We are not alone. Islamic Relief has already committed half a million pounds to partner organisations, particularly food banks. The National Zakat Foundation is offering cash grants to those under financial stress, while others are working with members of Parliament, councils and even directly supporting front-line NHS staff in hospitals. The Ummah Welfare Trust is donating a staggering one million pounds worth of personal protective equipment to front-line healthcare workers.

These contributions are just the tip of the iceberg. So much more is under way, most of which will remain under the radar of any media reporting, since many Muslims are reluctant to advertise what they see as a spiritual, rather than a public, duty.

All this flies in the face of what the far right in the UK are spouting – sentiments which sadly do not exist in a vacuum.

The “You Clap For Me Now” viral campaign seeks to highlight the fears of ethnic minority communities in the UK whose contributions to society are being celebrated in this moment of national need but worry that when the dust settles the post-Brexit climate of racism and bigotry – which has more than doubled since 2013 – will return.

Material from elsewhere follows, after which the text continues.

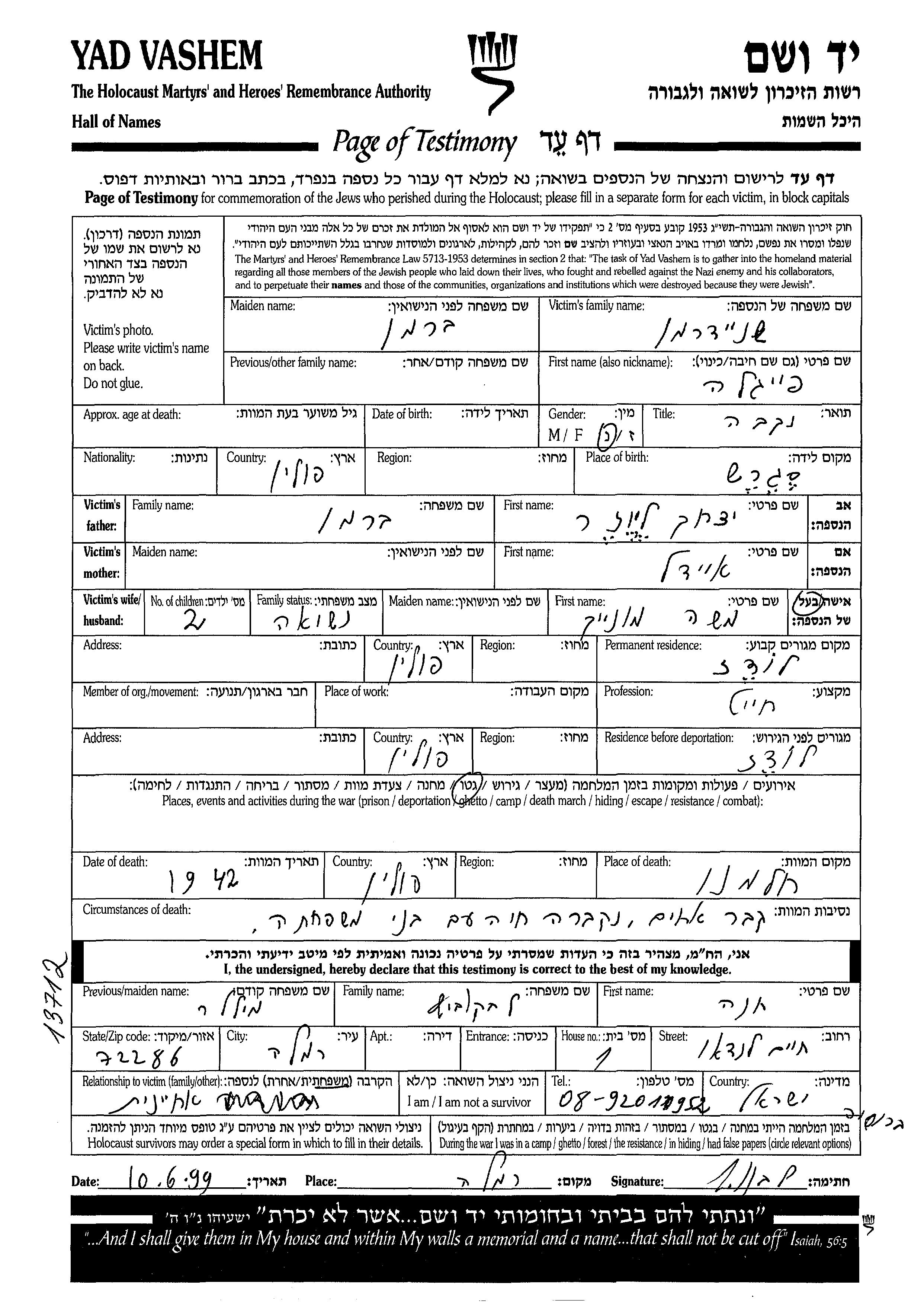 Yad Vashem - Pages of Testimony Names Memorial Collection

Minorities should not only be welcomed in the UK at a time of need or when they are providing essential services. They should be as much a part of the country’s fabric as anyone else. Not least given how Muslim-led charities like ours play such an integral role in how Britain functions during crises.

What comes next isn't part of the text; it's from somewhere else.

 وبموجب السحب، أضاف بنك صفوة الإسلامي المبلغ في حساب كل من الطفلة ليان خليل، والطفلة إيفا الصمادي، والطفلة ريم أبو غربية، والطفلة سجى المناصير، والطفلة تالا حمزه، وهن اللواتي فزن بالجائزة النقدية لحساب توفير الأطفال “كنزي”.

Those who racialise British Muslims when they are linked with something negative should not make their faith and ethnicity invisible when they are such a crucial part of a national effort to survive a once-in-a-generation global emergency.

During World War I, 2.5 million Muslims travelled to Europe to fight for the UK. Similarly, after World War II, as part of the effort to rebuild the country, tens of thousands of Windrush immigrants were welcomed to Britain alongside subjects from across the former colonies in the Indian subcontinent and Africa, just because the country needed them. Generations later, they are still all-too-often treated as alien, and their culture as inferior.

The war against coronavirus must be different. This time, we must remember all the soldiers – whether they are charity volunteers wearing Team Orange t-shirts or medical doctors donning blue medical scrubs – and we must keep clapping for them when the war is over.

A time of upheaval creates unprecedented instability and fear, and history shows us how this can drive countries to lurch politically either to the right or to the left.

After the last world war, the welfare state was established. A welfare state that for years has been shrinking away and is now at breaking point, with the website for applying for Universal Credit (income support in the UK) crashing under the stress of new claimants. 

Luckily for Brits, our welfare is protected not only by the government’s welfare system but also by the “fourth emergency service” – British Muslim-led charities. This is a duty mandated by our faith; to serve those in need regardless of who they are or what their background might be. 

In return, we do not ask for special treatment or consideration. All we want is to be treated as equals when the dust settles.

The views expressed in this article are the author’s own and do not necessarily reflect Al Jazeera’s editorial stance.